**ABOUT THIS EXERCISE**
Every line from the first one in the data below through the line holding "Modern futuristic interior" is to be written out exactly, with the pictures omitted.

EXTRACTED MATERIAL START

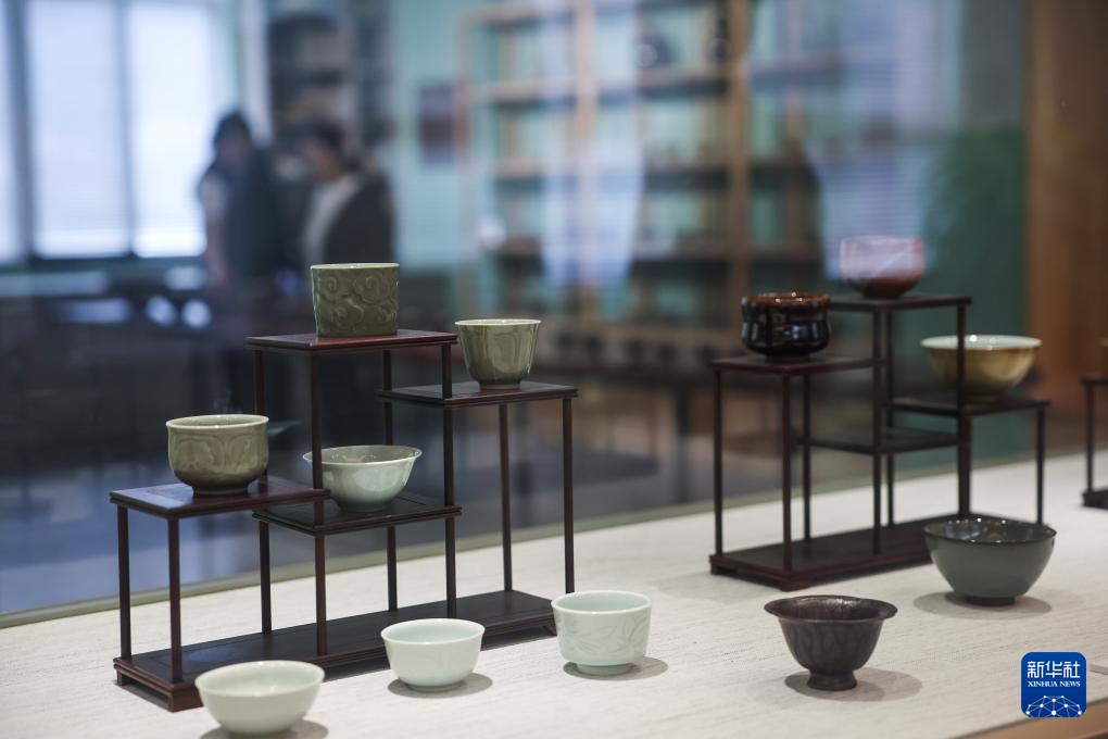4月19日拍摄的金华武义溪里村的婺州窑艺术馆展示的各类婺州窑器具。
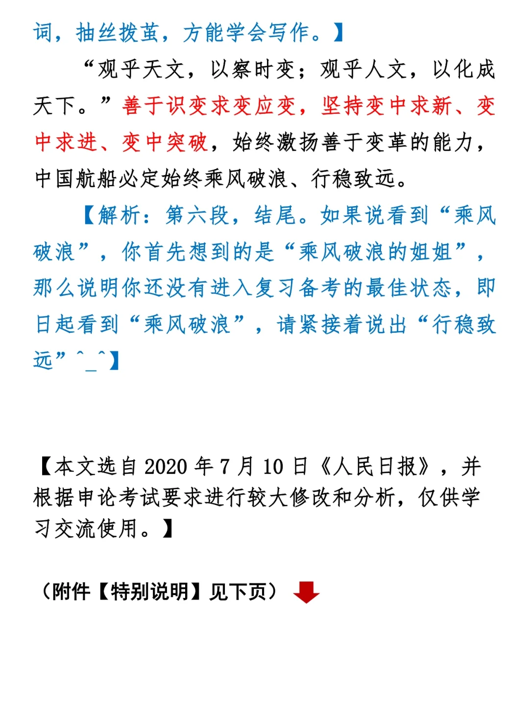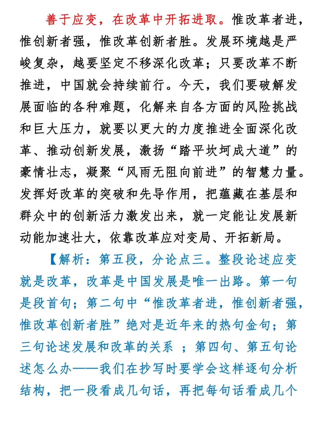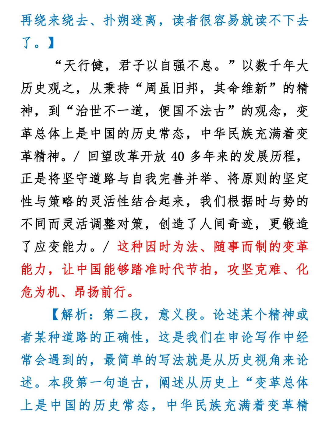 申论的学习是分层的: 第一层是感性认识,我们通过抄写,逐渐熟悉记忆政策理论时政热点内容。 第二层是提炼规律,我们会发现很多共性的规律,比如普遍联系、变化发展、历史的眼光看问题等等。 第三层是实践检验,把所学的感性认识、规律原理等结合在一起,实际演练,内化于心。 大家可以想一想,自己现在处于哪个阶段呢? 那么今天,我们就用一篇申论范文学一个“规律性”的内容——“变化”。
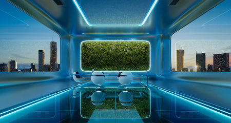Modern futuristic interior office design with green wall plant and beautiful cityscape view. 3d rendering
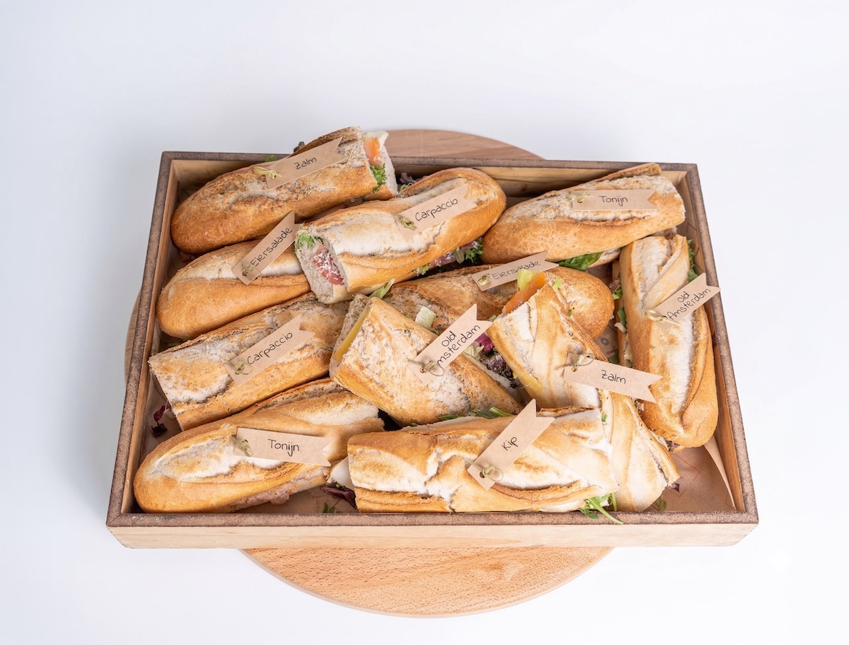 lunchbox met daarin 2 stokbroodjes p.p. divers belegd (mix van vis/vlees/vega). Te bestellen vanaf 4 personen. Let op: deze box dient een dag van tevoren voor 17:00 besteld te worden. Deze box is niet glutenvrij te bestellen!
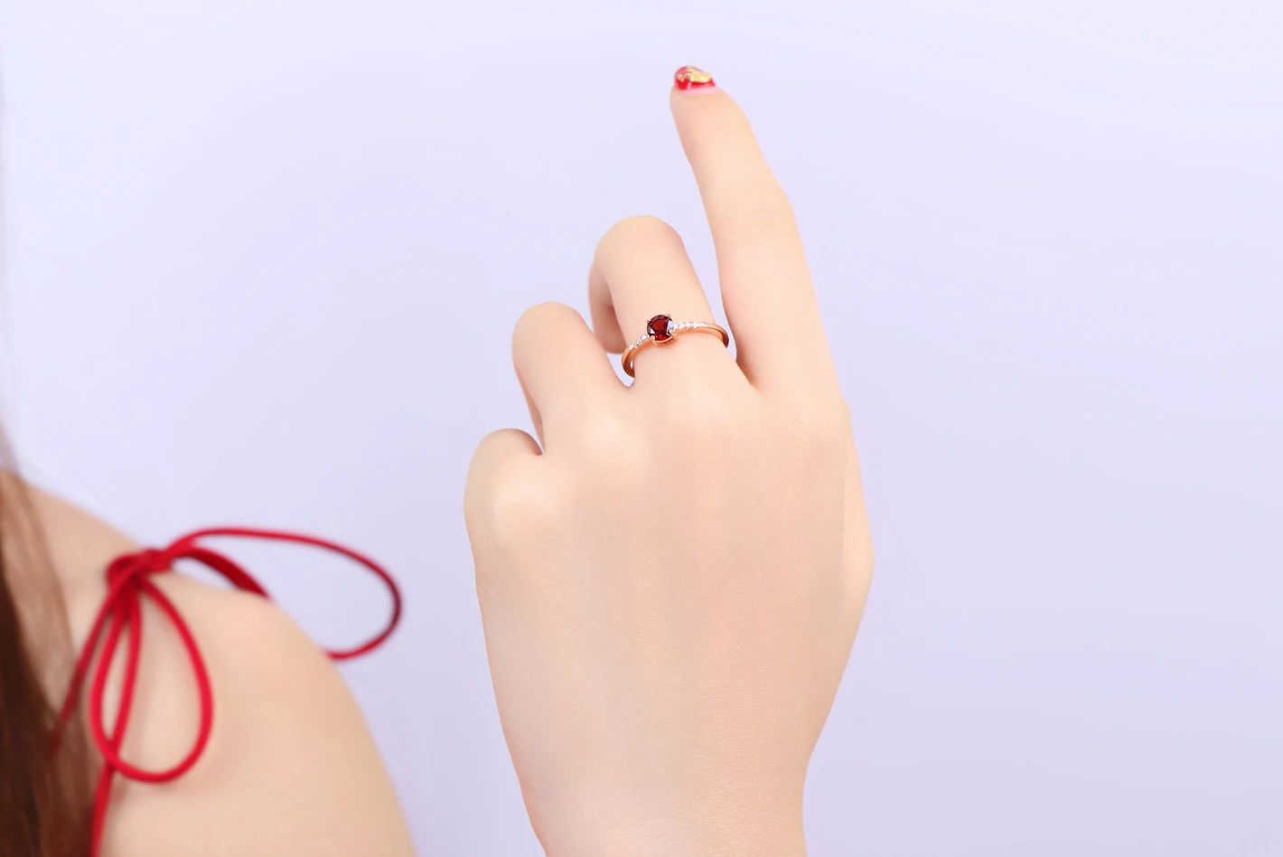 MoBuy MBRI012 Round Red Garnet Adjustable Ring 925 Sterling Silver Rose Gold Plated Natural Gemstone Fine Jewelry For Women
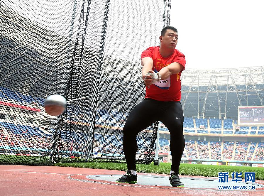 10月7日,中国选手万勇在比赛中。 当日,在第六届东亚运动会男子链球项目比赛中,中国选手万勇以69米26的成绩获得的冠军,韩国选手李尹喆以67米65的成绩获得亚军,中国选手齐大凯以67米01的成绩获得季军。 新华社记者廖宇杰摄
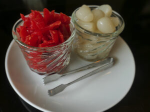 まずテーブルに福神漬けとラッキョがどっさり置かれた。
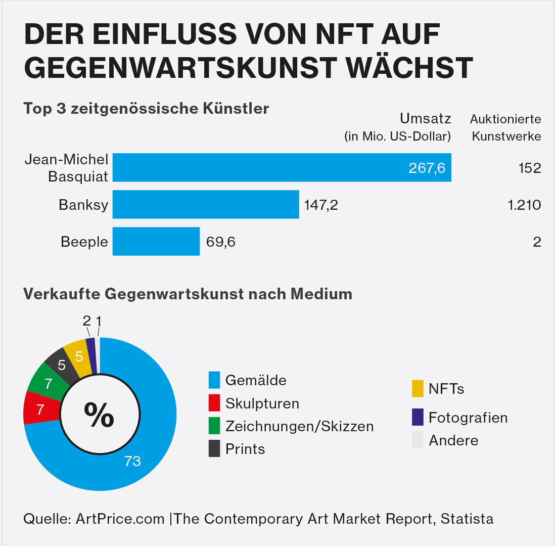 Spätestens seitdem das Auktionshaus Christie’s im März 2021 das JPEG einer Digitalcollage aus 5.000 Fotos für legendäre 69,3 Millionen US-Dollar als NFT versteigerte, sind die Begriffe NFT und Krypto-Kunst weit über das digitale Universum und die Kunstwelt hinausgewachsen. Mit dem Millionen-Erlös für seine digitale Arbeit „Everydays: The First 5.000 Days“ ordnete sich der Grafikdesigner Mike „Beeple“ Winkelmann nicht nur in die Rekordsummen physischer Kunstwerke ein, sondern etablierte NFT auch als Medium und Nische in der Gegenwartskunst (siehe nachfolgende Grafik).
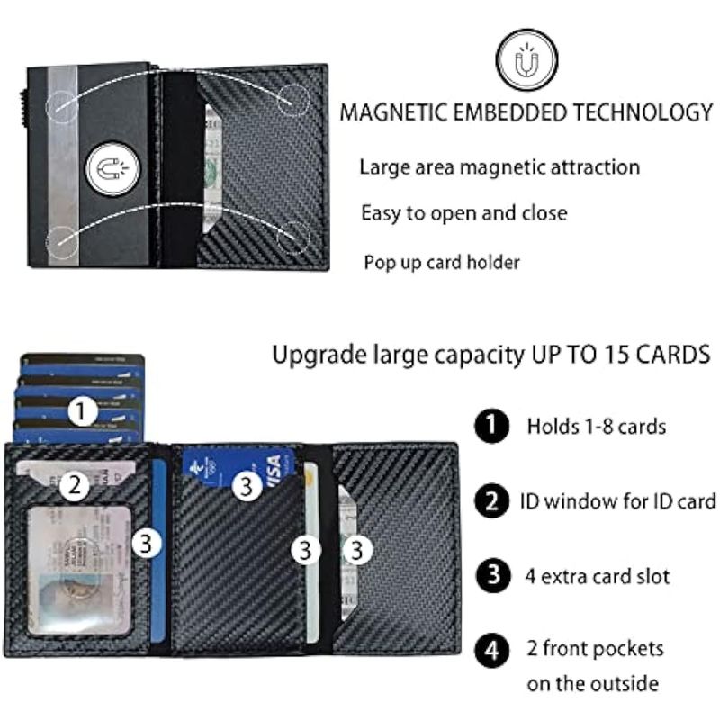 ???Capacidad para 15 tarjetas y ventana de identificación visible? - Cartera minimalista para hombres con carcasa de metal con capacidad para 1 a 8 tarjetas. Soporte para tarjetas de crédito para hombres. En el interior hay 5 ranuras adicionales para tarjetas y 2 ranuras externas para tarjetas bolsillo delantero.
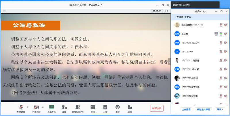 在疫情防控的重要时段,结合学校线上教学要求,由国产成人 、计算机科学与技术学院/人工智能学院联合建立的“文工融合课程思政基地”开启了课程思政云端建设路径的探索实践。3月20日,计算机科学与技术学院/人工智能学院专业课程《网络安全》在线课堂上,陈兵教授与人文学院法律系王文军副教授共同为同学们介绍了网络安全的技术与法律法规。
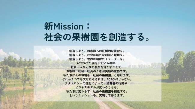 2023年に創業5年目を迎え、ACROVEではミッション・ビジョン・バリューを改訂するため改めて当初の目的を見直したところ、「社会の果樹園を創造する。」をミッションに据え置くことに決定いたしました。
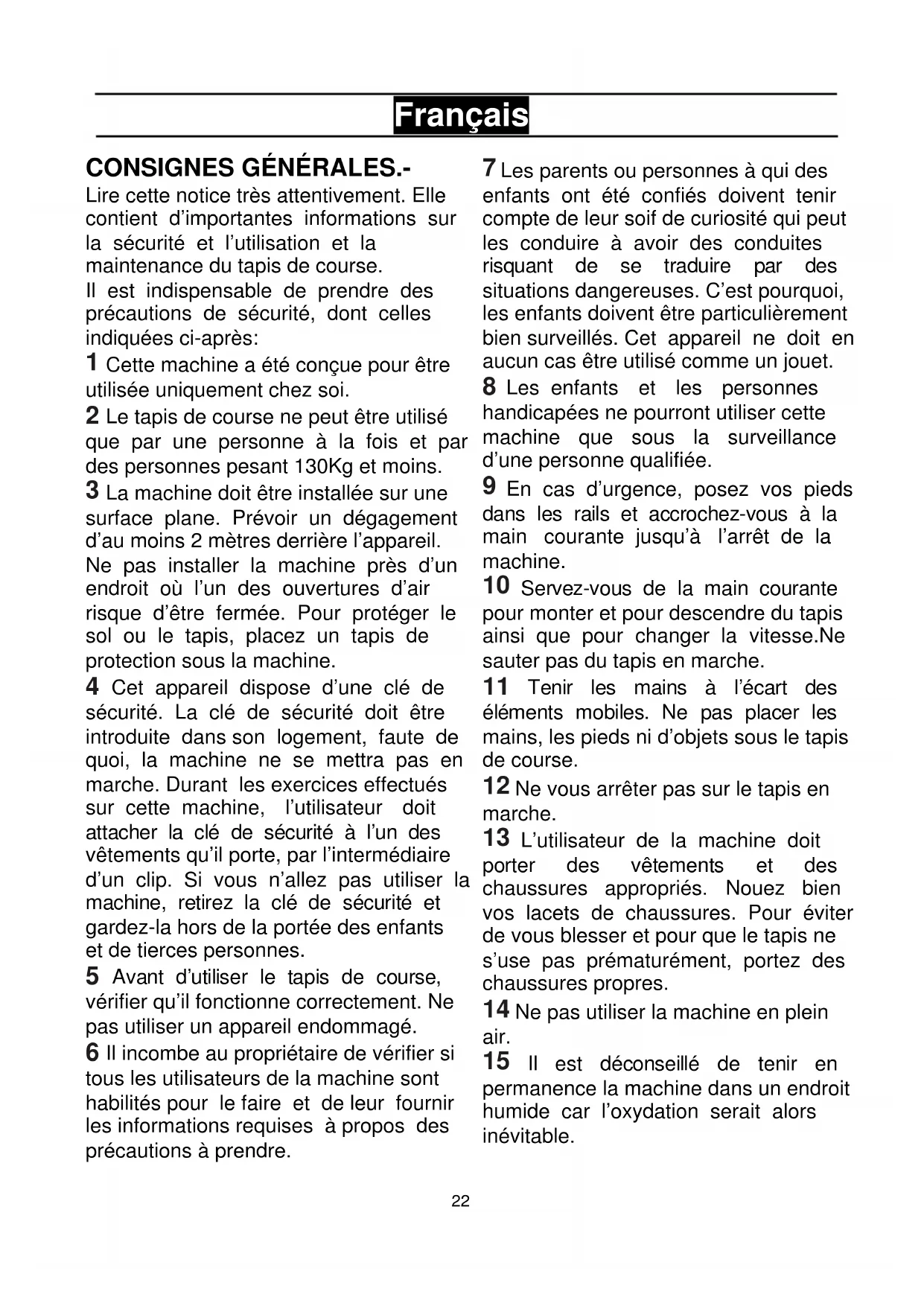 Lire cette notice très attentivement. Elle contient d’importantes informations sur la sécurité et l’utilisation et la maintenance du tapis de course. Il est indispensable de prendre des précautions de sécurité, dont celles indiquées ci-après:
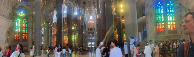 Once I was back in the flat, the boys put pants on (import of this will be apparent soon) and reorganized stuff for our walking outing into Barcelona. Our goal was about a one-hour walk to get to La Sagrada Familia Basilica, via pit stop at Starbucks. Walking through central Barcelona pretty interesting; it’s a fixed grid of same-sized city blocks, completely filled with same-shaped octagonal buildings. Stores and shops at ground level, apartments in upper floors. These city blocks are separated by one way streets, and city sections divided by more major roadways with well-defined lanes for pedestrians, cyclists/scooters, and motorists. Public transit is also very organized, although we didn’t end up using any on this trip. We pushed hard on foot to get to the basilica for our booked entry time.
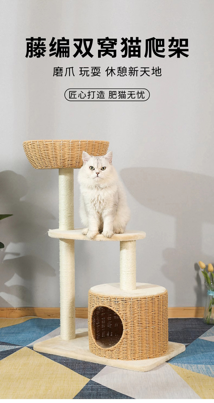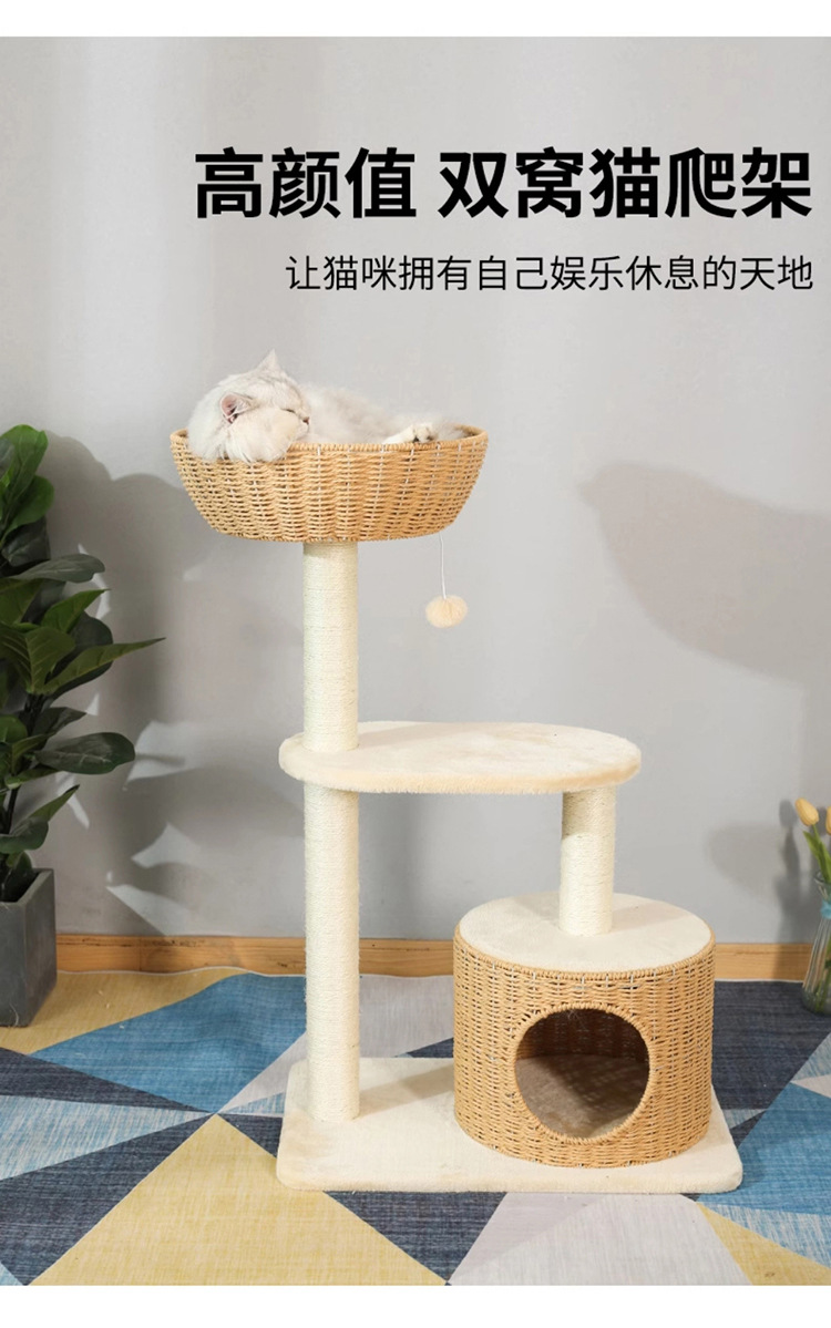 Nido de gatos doméstico de doble capa cuatro estaciones general gato escalada fieltro árbol de gato integral agarrar placa cerrada gato casa gato agujero árbol

EXTRACTED MATERIAL END

**REPLY TO THE TASK**
4月19日拍摄的金华武义溪里村的婺州窑艺术馆展示的各类婺州窑器具。
 申论的学习是分层的: 第一层是感性认识,我们通过抄写,逐渐熟悉记忆政策理论时政热点内容。 第二层是提炼规律,我们会发现很多共性的规律,比如普遍联系、变化发展、历史的眼光看问题等等。 第三层是实践检验,把所学的感性认识、规律原理等结合在一起,实际演练,内化于心。 大家可以想一想,自己现在处于哪个阶段呢? 那么今天,我们就用一篇申论范文学一个“规律性”的内容——“变化”。
Modern futuristic interior office design with green wall plant and beautiful cityscape view. 3d rendering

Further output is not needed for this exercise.